Q&A: Paul Turner: “Employees are looking for emotional engagement, not just a transactional arrangement”

Author: Kirsty Tuxford | Date: 4 May 2016

Havas People's regional director for MENA talks about the essential building blocks for strong employer branding

Paul TurnerOrganisations in the UAE face a stiff challenge trying to engage talent from diverse backgrounds. Paul Turner, regional director for MENA at Havas People, spoke to People Management about how to create an effective brand that will engage all employees – regardless of age or culture.
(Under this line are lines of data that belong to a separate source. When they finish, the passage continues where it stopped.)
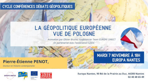 Cette conférence débat du cycle géopolitique de la Maison de l’Europe à Nantes a été conçue en partenariat avec CZESC Nantes - Pologne. Notre intervenant nous aidera à mieux comprendre les évolutions récentes de la Pologne, trois semaines après une élection importante pour le pays, au vu de son histoire et de sa situation géographique, à proximité de l'Ukraine. Avec : - Pierre-Étienne PENOT, Docteur en Histoire contemporaine Cette conférence sera animée par Olivier BRUNET, conférencier Team Europe Direct.
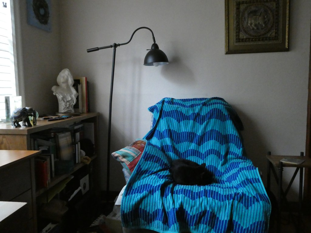 Home office- Kitten Britches at her station and me with long hair. It’s coming off soon; I am tired of it.
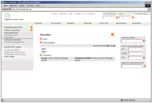 opus 5 setzt seit der Gründung 1995 ein Intranet ein, in dem alle
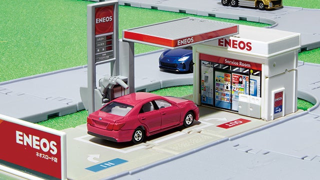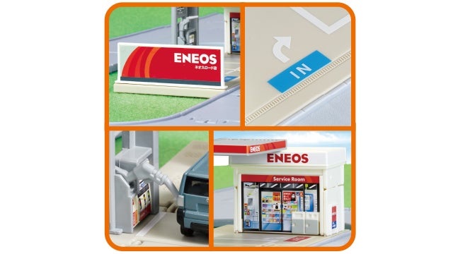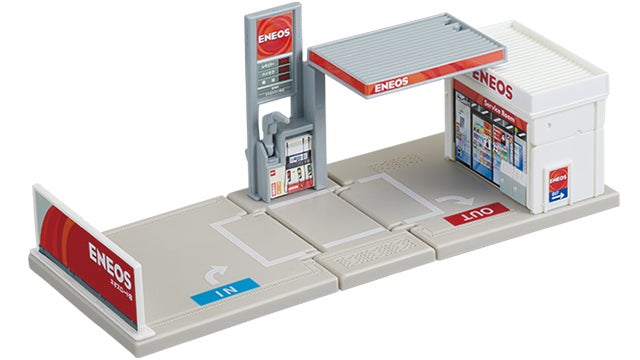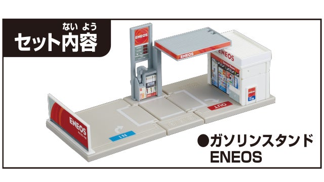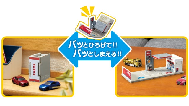 パッと開いてすぐ遊べるトミカタウンにガソリンスタンドENEOSが登場!トミカを停めて給油機遊びが楽しめます。
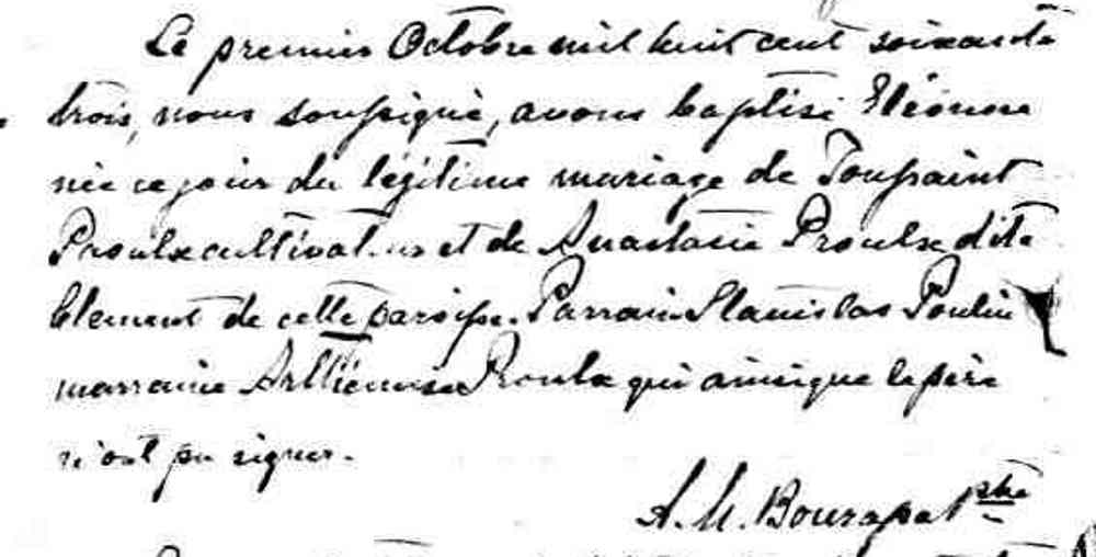 Baptême de Marie Éléonore Proulx à Montébello le 1er octobre 1863
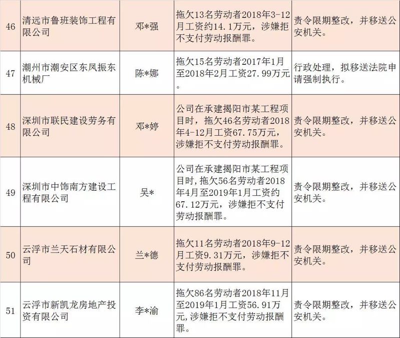 今年第二季度以來,廣東省人力資源社會保障行政部門繼續(xù)加大對欠薪等重大違法行為的打擊力度,各地特別是廣州、深圳、珠海、惠州、中山等地對欠薪逃匿、欠薪屢教不改、欠薪涉及人數(shù)和金額巨大等違法行為重拳出擊,依法處罰處理,對涉嫌犯罪的堅決移送司法機關(guān)繩之以法,切實維護勞動者的勞動報酬等權(quán)益。為加強對違法用人單位的社會監(jiān)督,強化誠信體系建設(shè),加大威懾力,日前省人社廳披露了2019年第三批重大違法案件,這51家黑心企業(yè)中就有10家是深圳“揪”出來的(如圖)。
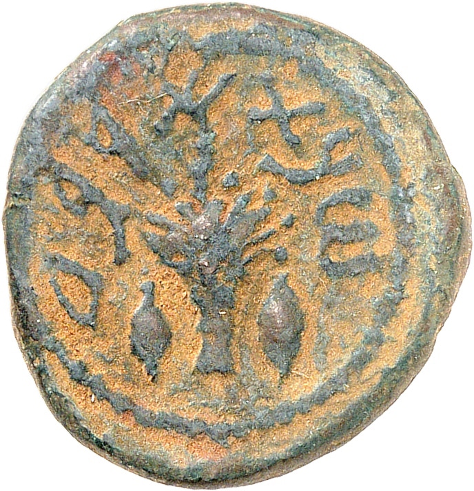 Rv. Légende hébraïque “An (date)”. Le loulav (feuille de palmier-dattier) avec à sa gauche et à sa droite un etrog (cédrat).
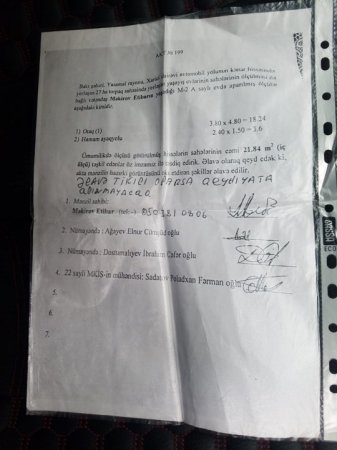 Artıq uşaqlarım böyüyüb. İmkansızlıq üzündən qohum evində yaşayırlar. İndi özümə şərait qurmaq istəyirdim ki, “Kristal Abşeron” şirkəti Qanlıgöl ərazisində yaşayan sakinlərlə görüşüb ərazinin onlara verildiyini bildirdi. Şirkət sakinlərlə ayrı-ayrılıqda danışıb onların çoxunu razı salaraq mənzillərindən köçürməyə başlayıb. Mənim mənzilimi isə saxlayıblar axıra. Çünki 4 sota yaxın ərazisi, imkansızlıq üzündən özünə dəbdəbəli şərait qura bilməyən müharibə veteranının birotaqlı mənzilini şirkət ev kimi qəbul etmək istəmir. Razılaşan qonşuların hasarlarını söküb evimin hər tərəfini zibilliyə çevirəndən, su sayğacımı sındırıb atandan, evin şüşələrini sındırandan, həyətimdəki 20-dən çox ağacı kökündən çıxarandan sonra məni şirkətə dəvət etdilər. İlk görüşümüzdə şirkətin əməkdaşı Şahvələd müəllimlə danışdım, mənim evimin və sanitar qovşağımın taxtadan tikildiyini, ona görə də mənə heç bir mənzil düşmədiyini bildirdi. Mənzilimin içərisinin guya 15 kvadrat metr ərazisi olduğu üçün ümumilikdə 1 500 (min beş yüz) manat pul təklif etdi (kvadratmetrinə 100 manat-?!) və onun da iki qatının– 3000 manatın pul şəklində veriləcəyini bildirdi. (Halbuki mənzilin ölçülməsi zamanı mənə verilən aktda evin və sanitar qovşağın iç ölçülərinin ümumilikdə 21.84 kvadrat metr olduğu yazılıb). Şahvələd müəllim pulu götürməyə razılaşmasam məni Yasamal Rayon İcra Hakimiyyəti ilə hədələdi. Bildirdi ki, “Bakı Şəhər İcra Hakimiyyəti ərazini bizim şirkətə ayırıb. Rayon İcra Hakimiyyətinə də tapşırılıb ki, ərazini boşaldıb bizə təhvil versin”–dedi. Hazırda yataqxanada yaşadığımı bildirdim və son ümidi olan mənzilimi heç kəsə verməyəcəyimi, yalnız mənzil müqabilində şirkətlə razılaşacağımı söylədim. Sonda Şahvələd müəllim rəhbərliklə bizim təklifimizi müzakirə edib nəticəsini 1-2 günə bildirməyə söz verdi.
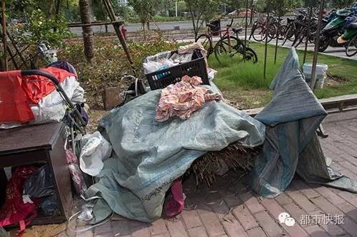 猫和狗平时就睡在这处路边的垃圾堆里。记者 葛亚琪 摄
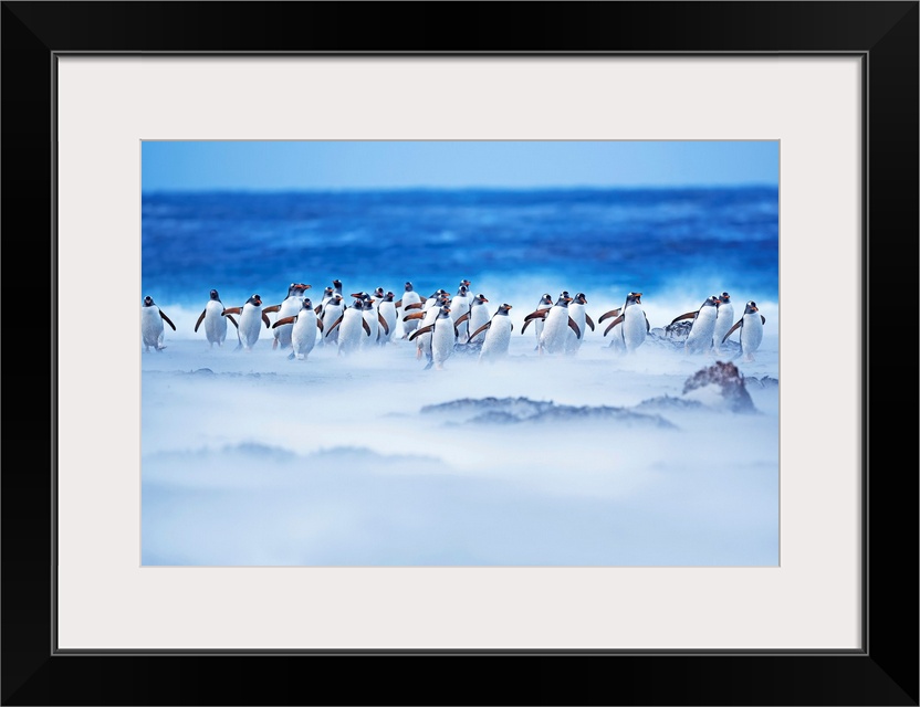 <p>Gentoo Penguins (Pygocelis papua papua) walking through a sandstorm, Sea Lion Island, Falkland Islands.</p>

What is talent in the UAE looking for in an employer?
It really depends which talent segment we are considering. The expat population is still, to a large extent, motivated by lifestyle and material benefits. However, the younger Emirati audience is harder to connect with. Employers need to reach out to them through channels they may not be comfortable with, such as social media, smartphone apps and video. This generation is also looking for careers with purpose, and to work for brands they can identify with. They’re looking for an emotional engagement, not just a transactional arrangement.
How do you advise employers to create their brand?
Our methodology is based on four key strands: research; creative execution; communication; and measurement.
Our research involves talking to people at every level of the organisation to build up a picture of their motivations, their aspirations, their inspirations and their frustrations. We also look at what’s happening in the wider marketplace amongst competitor organisations.
Then we get creative; we devise ‘brand pillars’ and a key message, or proposition, which will inform all subsequent communications both for internal and external audiences. The proposition not only has to have an aspirational aspect. We also want to create an emotional engagement with the brand. As part of this process, we will create a ‘brand toolkit’ and will start to work on ensuring the brand is consistent and engaging – for example, the careers website, recruitment literature, recruitment advertisements and so on.
Communication is the key element of a successful employer brand project. We need to make sure existing employees recognise and buy into the proposition. Our roll-out programmes aim to communicate the core messages, embed them within our audiences and ultimately create brand ambassadors.
Finally, we analyse the results through measurements such as improved employee engagement scores; reduced cost-per-hire; lower attrition rates; higher social media penetration; and achievement of business objectives.
How can organisations make sure that their employees believe in their brand?
Companies need to involve their employees in the process. Without their participation, they won’t feel that emotional engagement that is essential for the creation of brand ambassadors. Employer branding used to be more transactional in nature – the ‘what’s in it for me’ scenario. Now it’s all about how my employer makes me feel. It’s a significant shift!
Research by Employer Brand International shows a shift in employer brand strategy ownership away from HR over the past five years. Should HR be managing the employer brand?
The number of stakeholders in employer brand strategy has increased. However, HR should be a key stakeholder and is an important player when it comes to a business achieving bottom-line objectives, delivered through an engaged and committed workforce.